The coalition of GOP-led states arguing to throw out all of Obamacare in the majority conservative Supreme Court struggled Tuesday to make the case in oral arguments that the law could not stand without the now-defunct tax penalty for refusing to buy health insurance.
Conservatives on the court were skeptical, suggesting that the law will withstand the latest challenge in the court.
Chief Justice John Roberts told Texas Solicitor General Kyle Hawkins that Congress could have invalidated the whole law in 2017 along with the defunct mandate if they deemed it necessary to maintain the law’s constitutionality, but it did not.
“I think it’s hard for you to argue that Congress intended the entire act to fall if the mandate was struck down when the same Congress that lowered the penalty to zero did not even try to repeal the rest of the act,” Roberts said.
He added that Republicans in Congress might have intended for the court to strike down the entire law, “but that’s not our job.”
Justice Brett Kavanaugh, meanwhile, sided with Donald Verrilli, former solicitor general under President Barack Obama, saying that “I tend to agree with you that this is a very straightforward case for severability” and that under court precedent, “we would excise the mandate and leave the rest of the act in place.”

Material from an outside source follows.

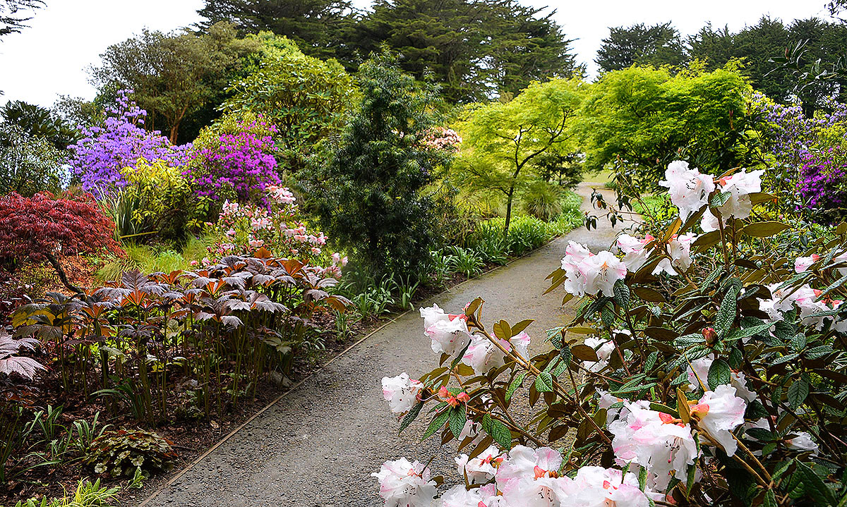 The Barkers have done an amazing job of creating a massive series of different gardens in and around the Castle. One of the features is a Pergola (the lead pic) which is huge and covered in trees creating a tunnel with a view of Dunedin and the end.

Democrats have argued that invalidating Obamacare would take health insurance away from more than 20 million people, a specter that hung over Senate hearings to confirm President Trump’s latest Supreme Court nominee, Amy Coney Barrett. Tuesday’s arguments were the first for Barrett since her confirmation last month.
When GOP members of Congress failed to repeal and replace the law, as they had promised, in 2017, they reduced the penalty to zero for not complying with the individual mandate, which was considered to be the linchpin of the law.
But because the penalty for not complying with the mandate is now zero, liberal justices argued that the states challenging the law are not harmed and lack standing to bring the lawsuit. Indeed, Roberts questioned whether the court should allow somebody “not injured” by a provision to “roam around through those thousands of pages” of the written law and “pick out whichever ones” they want to challenge.
Roberts, who was appointed by former President George W. Bush in 2005, was the swing vote to uphold Obamacare in a separate case in 2012, and he has since criticized the plaintiffs’ argument that the law cannot stand without the now-repealed mandate. He cited the same precedent for severability in a ruling decided in June concerning the Dodd-Frank financial reform law, saying that the court has ruled in the past that such provisions were severable because the remaining provisions in an act were capable of functioning independently.
The court adjourned a little after noon, and the case is expected to be decided in June 2021.